The jealous man did not want to ask first, because he didn't want his companion to receive twice as much. The lustful man did not want to ask first, because he wanted what belonged to both of them.

The lustful man finally pressed the jealous man to ask. The jealous man asked the king to pluck out one of his eyes, because then his companion would have both eyes plucked out.

* * *

KORACH'S REBELLION

In this week's Parsha, we see a terrible dispute amongst the Jewish People. A man named Korach accuses Moses of nepotism, claiming that "you have taken too much for yourself!" (Numbers 16:3) Korach then recruits 250 men and stages a full-fledged rebellion. In the end, the earth opens up and swallows Korach and his cohorts alive.

What was Korach's motive? The Sages say it was jealousy over the fact that a family relative (who Korach deemed lower than himself) was appointed to a high leadership position.

"Jealousy, desire and pride take a man out of the world." (Talmud, Ethics of the Fathers 4:21)

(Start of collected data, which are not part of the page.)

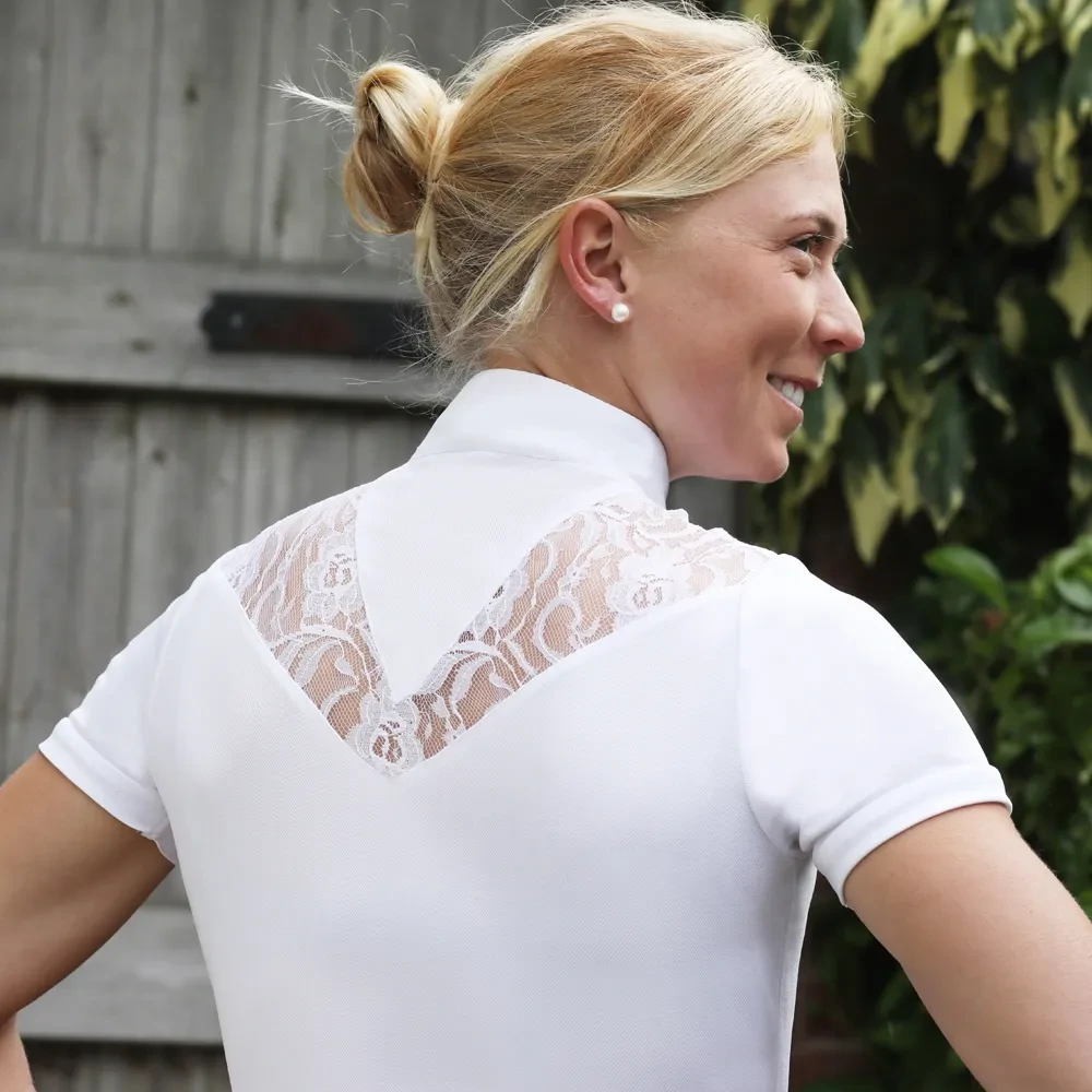 elegant short sleeve show shirt, featuring exquisite cut-out lace detailing along the shoulders. Crafted from a high-performance technical fabric, this shirt offers unparalleled comfort, flexibility, and breathability, making it the ideal choice for any competition. The stylish silver zip and front stitching are designed to accentuate your waistline, creating a flattering silhouette that enhances your confidence in the ring. Finished with the signature Hy Equestrian logo on the hem, this shirt seamlessly combines practicality with sophistication, ensuring you look and feel your best while riding.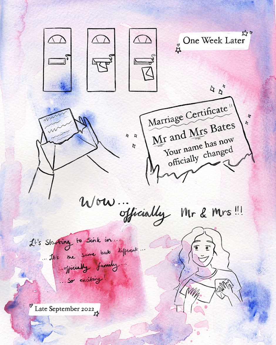 Entry 13; Saying Hello - To a new chapter, a new me, and a new us! Thank you all for following along, it's been an emotional 13 entries to reflect on the wedding as we close out the year - and to also capture the memories forever through my illustration practice. I hope you enjoyed it! All the best - Mia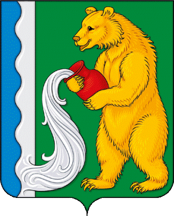 On a green field with a wavy azure and silver right edge – a golden, rebellious bear holding a red jug in its forepaws, from which flows a silver stream, merging with the edge below.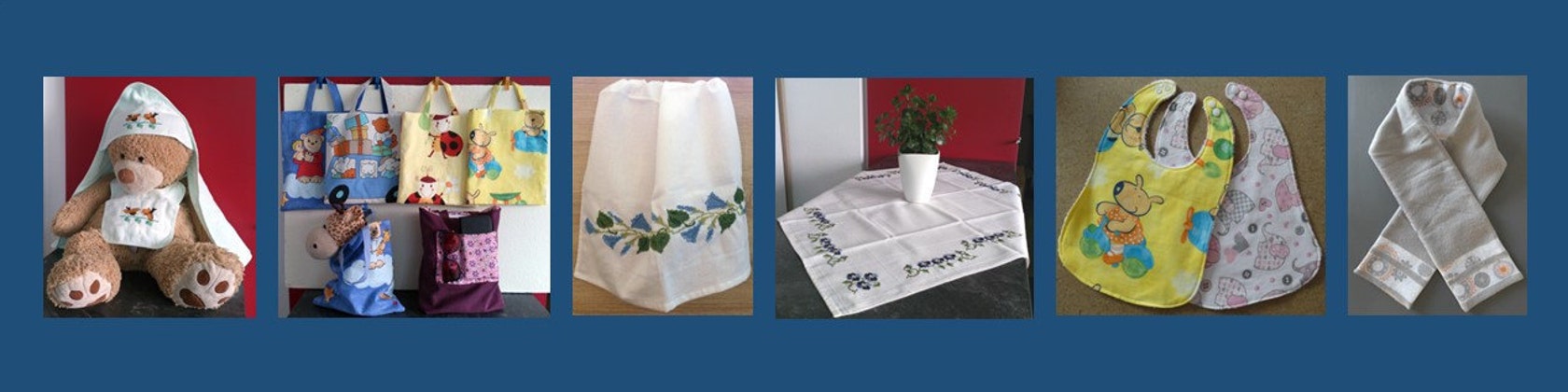 De manière occasionnelle, sur demande, je réalise des travaux de couture (changement de fermeture éclair, confection de housses pour coussins et banquettes...) ou des articles conformes au souhait du client (ensemble naissance : gigoteuse-plaid-bavoirs, chemin de table...)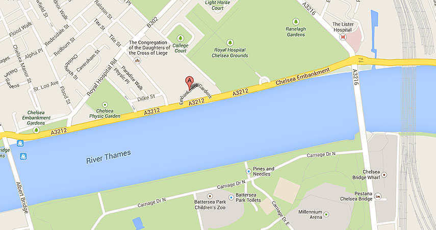 1 bedroom flat with stunning views of the river Thames and Battersea Park from both the living room and bedroom. In the entrance hall you’ll notice the wooden panelled walls and hanging chandelier which set the sophisticated tone for the rest of the home. Step into the sitting room and feel your toes against the plush, red rug which lies before the large double sofa (it folds into a sofa bed for guests). Recline and admire the rose bouquet which sits on the fireplace, or the red brocade curtain drapes. Find the lever along the wood panelled wall until it slides to reveal a hidden kitchen, complete with super-slick chrome fixtures and modern appliances. Head into the master bedroom where a muted, teal wallpaper will lull you into a sense of calm. Relax on the king size bed beside the stylish, industrial radiator, and watch the wall-mounted television, or pamper yourself before the floor-ceiling mirrors. Next door in the brand new shower room, enjoy a luxurious power-shower while a fluffy towel heats on the shiny chrome rack. The Area: Traditionally a haunt for the London bohemia, Chelsea is now one of the city’s most affluent areas, with wide, elegant boulevards of period properties. Take a trip to King’s Road and Sloane Square and Avenue, the crown jewel of London haute-couture. In times past it was also a haven to artists, scientists, and many other influential people. Chelsea was originally known as the “village of palaces” in the 17th Century, the only residents being those in palatial manor houses. Residents included Henry VIII, Sir Thomas More, Elizabeth I, the Duke of Monmouth and the Duke of Beaufort. On Embankment Gardens’ doorstep you’ll of course find the upscale Chelsea Embankment, with its wide view of the Thames and the elegant Ranelagh Gardens. Further north, explore the shopping delights of King’s Road, and the world famous museums of South Kensington. Central London is accessible in just 20 minutes via the nearby Sloane Square underground station. |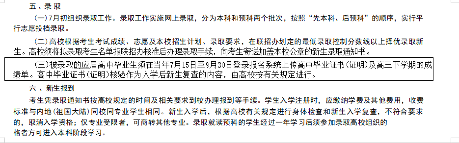 上传 “高中毕业证(证明)+ 高三下学期成绩单” ,是每一届港澳台侨联考学子闯过 “考试 +录取” 大关后,剩余的最后一公里路,倘若逾期未交或材料不合格,哪怕拿到录取通知书或已到大学报到,也会直接错失入学资格!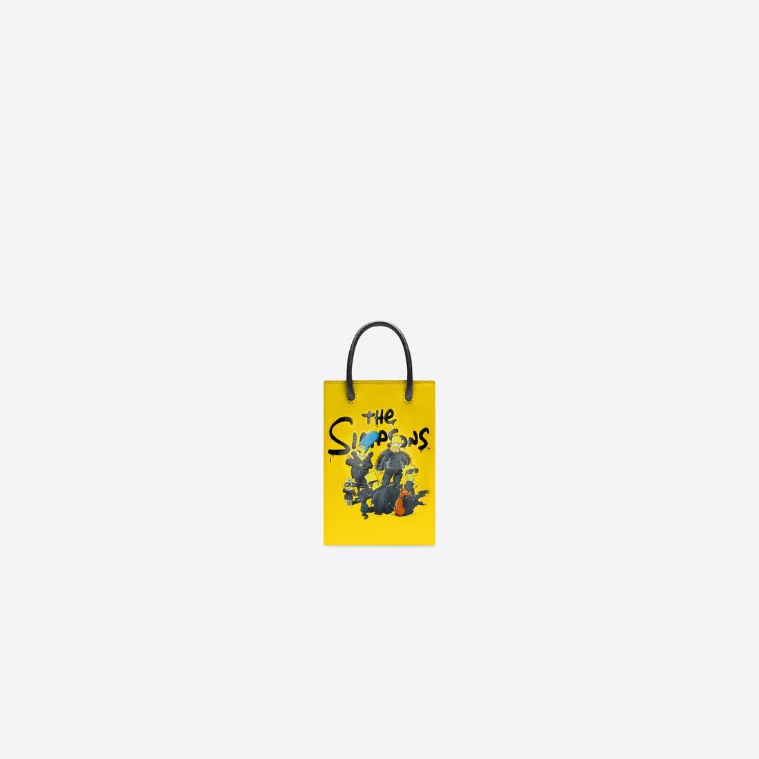 Shopping Phone Holder in yellow shiny box calfskin and semi-shiny palladium hardware with an artwork reference to The Simpsons TM & © 20th Television family dressed in recognizable Balenciaga pieces from past seasons. PRODUCT DETAILS • Dimensions : L7 x H4,8 x W1,7 inch • Shiny box calfskin • Phone holder • Adjustable crossbody strap (21,2 inch) • Two lambskin thin round handles • The Simpsons artwork printed at front TM & © 20th Television • Semi-shiny palladium hardware • Snap magnet closure • Canvas lining • Made in Italy • Wipe with a soft cloth Material: 100% calfskin

Jealousy is a very dangerous trait, a disease which should be treated like any other serious ailment. Because once the infection takes hold, it can distort your whole view of reality. Jealousy deprives the jealous of the joys of their own acquisitions. In the case of Korach, it caused him to act so irrationally that he destroyed everything he ever worked for, including himself.

* * *

THE VALUE OF TROPHIES

What are the things that truly matter in life? Family, health, sense of meaning, purpose and fulfillment. This is what really matters.

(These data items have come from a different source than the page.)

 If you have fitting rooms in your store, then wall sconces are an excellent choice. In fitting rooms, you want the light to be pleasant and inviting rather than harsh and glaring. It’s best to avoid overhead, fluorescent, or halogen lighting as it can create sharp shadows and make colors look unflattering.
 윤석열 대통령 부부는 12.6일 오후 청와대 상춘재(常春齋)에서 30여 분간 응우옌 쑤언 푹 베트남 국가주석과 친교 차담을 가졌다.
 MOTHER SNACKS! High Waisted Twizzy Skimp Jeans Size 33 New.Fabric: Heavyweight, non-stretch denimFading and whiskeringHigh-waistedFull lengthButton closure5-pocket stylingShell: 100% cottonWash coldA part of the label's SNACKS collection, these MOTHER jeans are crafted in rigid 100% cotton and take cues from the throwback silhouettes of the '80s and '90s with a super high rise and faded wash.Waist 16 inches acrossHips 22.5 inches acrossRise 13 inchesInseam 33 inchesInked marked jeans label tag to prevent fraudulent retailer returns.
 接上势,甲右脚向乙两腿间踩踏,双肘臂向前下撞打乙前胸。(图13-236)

Unfortunately, however, much of our striving in life is focused on the material possessions of those around us.

I want to suggest that materialism is actually less important for us, and more important for the impression it gives others. For example, African tribesmen have a far less desire for a Lexus than do you or I. That's because a fancy automobile won't impress the fellow tribesman!

So we see there's no intrinsic value to a fancy car, other than the impression it gives. How sad. If you've ever met someone striving for the largest beer bottle collection in the world, you know just how meaningless it is to use other peoples' goals to define your own.

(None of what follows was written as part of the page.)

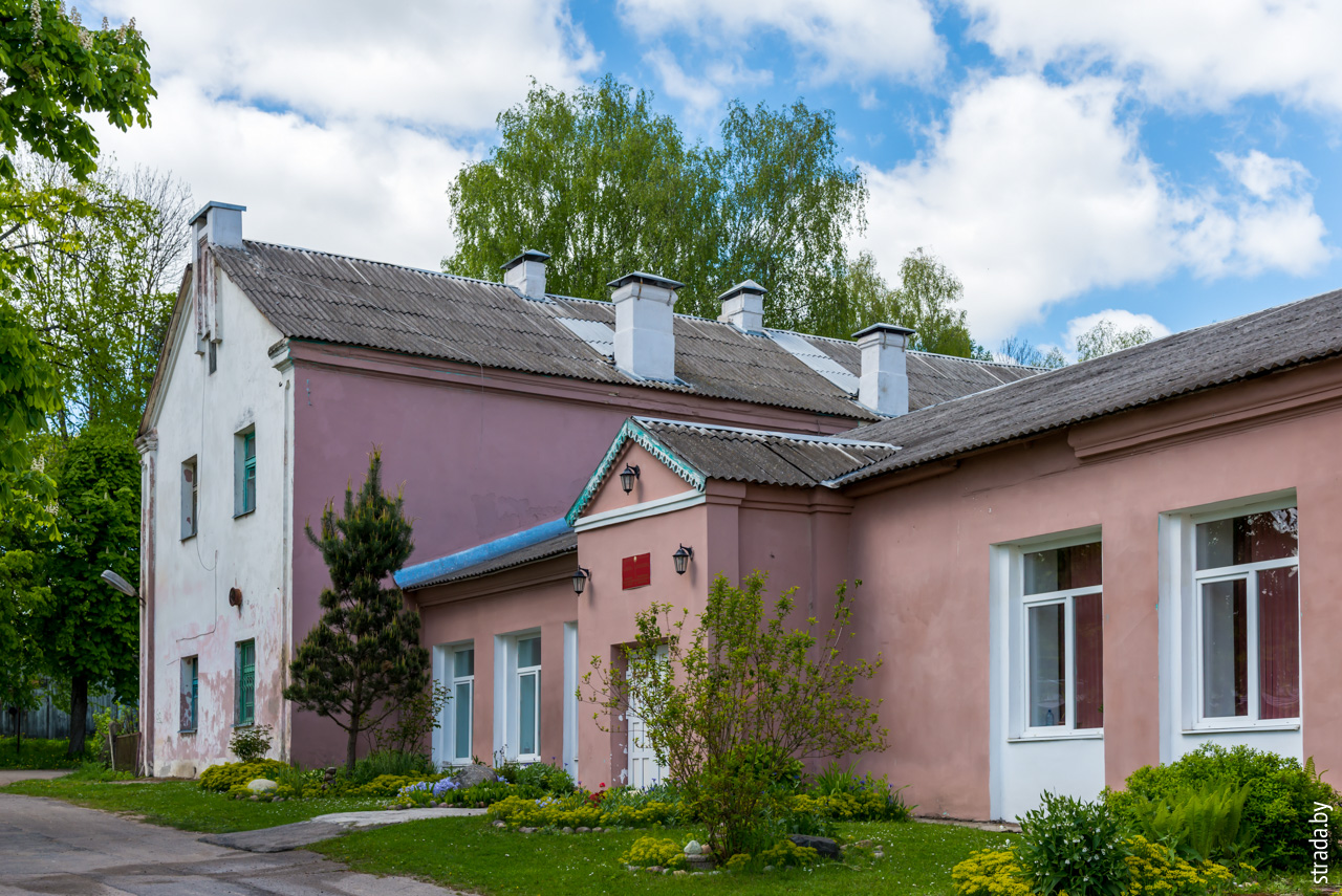 На улице Школьной продается строение 1870 года постройки. Изначально в здании располагался заезжий дом, который стоял у большой почтовой дороги, котрую еще называли Екатерининским шляхом. Здесь находилась первая после Минска почтовая станция. Заезжий дом затем стал частью имения Чапских.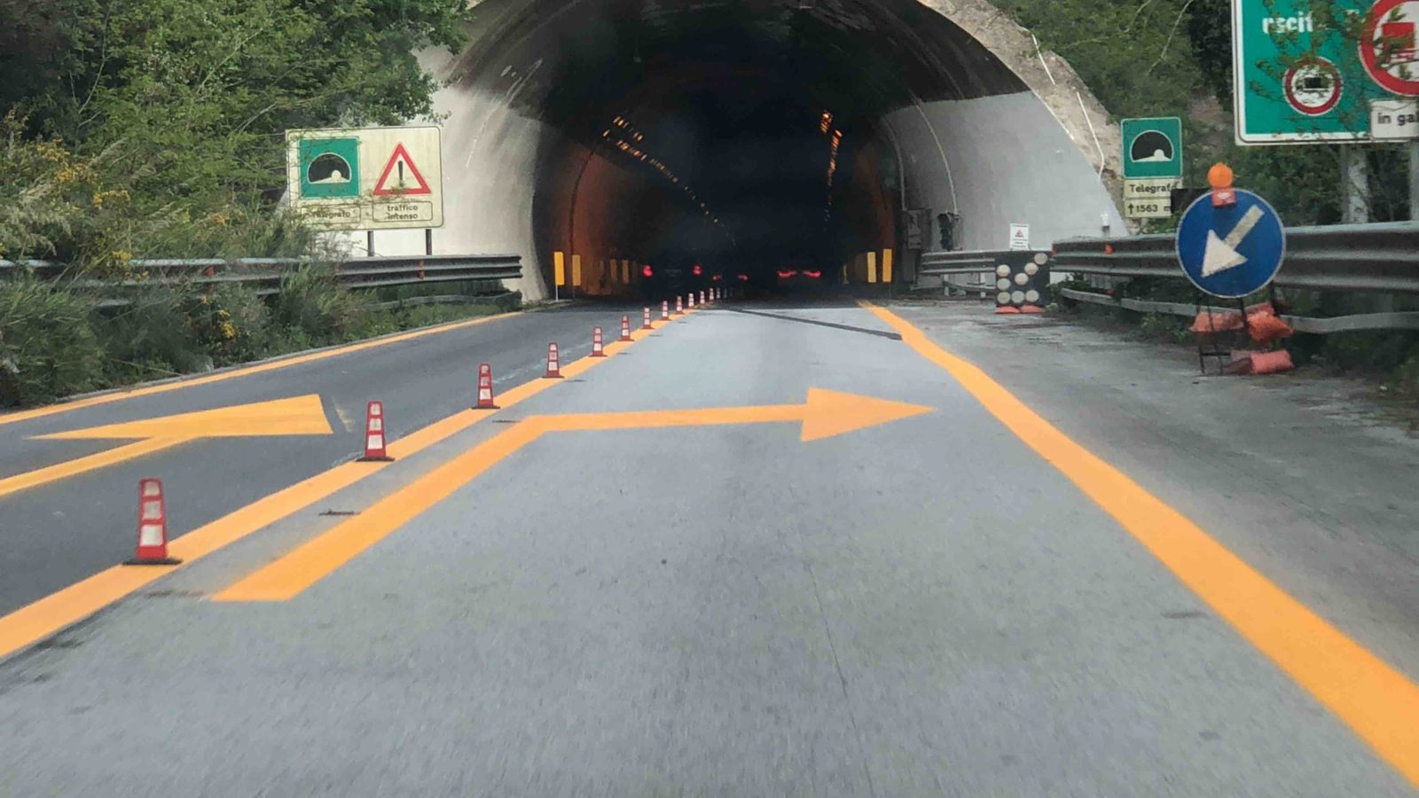 Durante le tre gallerie (Telegrafo, S. Michele e Baglio) che si susseguono prima di arrivare all’uscita per Giostra, infatti, il transito è stato riaperto su entrambe le corsie, ma vige il divieto di sorpasso (che comincia già dal ponte Bugolio). Proprio all’uscita dalla galleria Baglio ecco lo svincolo: un curvone a destra dove il limite di velocità iniziale è di 60 km/h, ma diventa, dopo circa 200 metri e fino alla fine della rampa, di 40 km/h.

When we come home at night, settle down in the chair, and are alone in our private thoughts, then all the trophies, all the possessions, all the "things" seem to lose their luster. Without the cheering crowds to praise our achievements, much of what we strive for has little or no value.

Think about it: Could you tolerate a neighbor - who you don't regard as particularly deserving - enjoying a life of luxury? Yet how about a neighbor who has a happier marriage, a closer relationship with his children, and a more meaningful existence? Aren't these the goals we should be truly jealous of?!

* * *

WISDOM FROM THE RAMCHAL

We can gain insight into jealousy from the following piece written by Ramchal (18th century Italian rabbi), paraphrased from Chapter 4 of his classic work, "The Path of the Just:"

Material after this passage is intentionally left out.